** DATA EXCERPT **
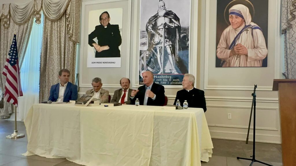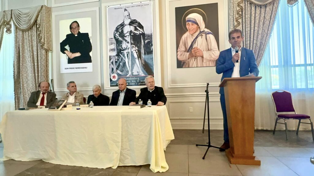 Pastaj fjalën e mori famullitari Dom Ndue Gjergji, i cili uroi autorin per këtë vepër të madhe dhe tha: “… shqiptarët nëse deshirojnë të balafaqohen me sfidat e botës së sotme duhet të qëndrojnë të bashkuar, se të gjithë jemi vllazën e motra besimtarë në një Zot, sikurse e pati thënë Papa Françesku: ”Në Shqipëri gjeta jo nje harmoni fetare, por një vllazni fetare”. Për kombin tonë nuk ka asnjë rrugë tjetër përveç vllaznimi dhe bashkimi kombëtar. Sikurse ne kemi hapur këtë sallë dhe kyt Qendër të kulturës për festa, promovime, për fmijët, për gjuhen shqipe dhe aktivitete të kulturës shqitarë, ta hapim edhe ne zemrën për idealet e mëdhaja të kombit tonë, dhe tuej dashtë kombin dhe tokat tona ta bajmë kyt bashkim kombëtar, i cili, mos keni kurrfarë frige, do t’i përballojë të gjitha rreziqet dhe kërcënimet që kanosen prej armiqve tanë”.
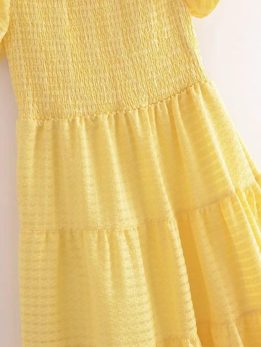 LIZAKOSHT - Europe and America Wind Spring Women's New Yellow V-neck Printed Short-sleeved Dress Fluffy Skirt
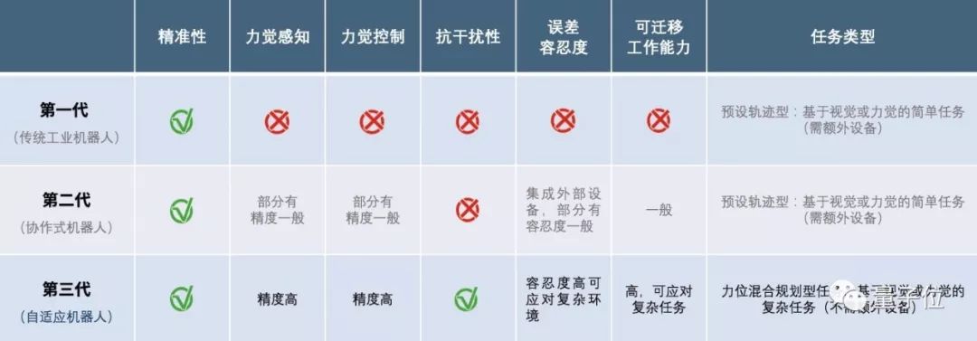 区别于一代高精度位置控制机械臂、二代协作式机械臂,第三代自适应机械臂有三大特点,让它与一代、二代机械臂有了革命性的差别:
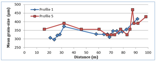 The grain-size distribution of the dune system, of all 29 samples from profiles 1 and 5, shows an average of 353 (±42) μm, while the beach has an average value higher than 400 μm (Figure 4), the range of grain sizes of all samples fall within the class of medium sand of Wentworth [43]. Being the mode, a little higher, standing at 360.09 (±36.52) μm. Both the mean and the mode have low variation coefficients between 12% and 10%, respectively. Sediments show a decrease in their mean diameter from sea to land, which can be interpreted as the majority of the sediment being supplied to the dune system from the dry beach area.

** WORK TO BE COMPLETED **
Reproduce the data above in full, exactly, with the images removed.

** RESPONSE TO THE TASK **
 Pastaj fjalën e mori famullitari Dom Ndue Gjergji, i cili uroi autorin per këtë vepër të madhe dhe tha: “… shqiptarët nëse deshirojnë të balafaqohen me sfidat e botës së sotme duhet të qëndrojnë të bashkuar, se të gjithë jemi vllazën e motra besimtarë në një Zot, sikurse e pati thënë Papa Françesku: ”Në Shqipëri gjeta jo nje harmoni fetare, por një vllazni fetare”. Për kombin tonë nuk ka asnjë rrugë tjetër përveç vllaznimi dhe bashkimi kombëtar. Sikurse ne kemi hapur këtë sallë dhe kyt Qendër të kulturës për festa, promovime, për fmijët, për gjuhen shqipe dhe aktivitete të kulturës shqitarë, ta hapim edhe ne zemrën për idealet e mëdhaja të kombit tonë, dhe tuej dashtë kombin dhe tokat tona ta bajmë kyt bashkim kombëtar, i cili, mos keni kurrfarë frige, do t’i përballojë të gjitha rreziqet dhe kërcënimet që kanosen prej armiqve tanë”.
 LIZAKOSHT - Europe and America Wind Spring Women's New Yellow V-neck Printed Short-sleeved Dress Fluffy Skirt
 区别于一代高精度位置控制机械臂、二代协作式机械臂,第三代自适应机械臂有三大特点,让它与一代、二代机械臂有了革命性的差别:
 The grain-size distribution of the dune system, of all 29 samples from profiles 1 and 5, shows an average of 353 (±42) μm, while the beach has an average value higher than 400 μm (Figure 4), the range of grain sizes of all samples fall within the class of medium sand of Wentworth [43]. Being the mode, a little higher, standing at 360.09 (±36.52) μm. Both the mean and the mode have low variation coefficients between 12% and 10%, respectively. Sediments show a decrease in their mean diameter from sea to land, which can be interpreted as the majority of the sediment being supplied to the dune system from the dry beach area.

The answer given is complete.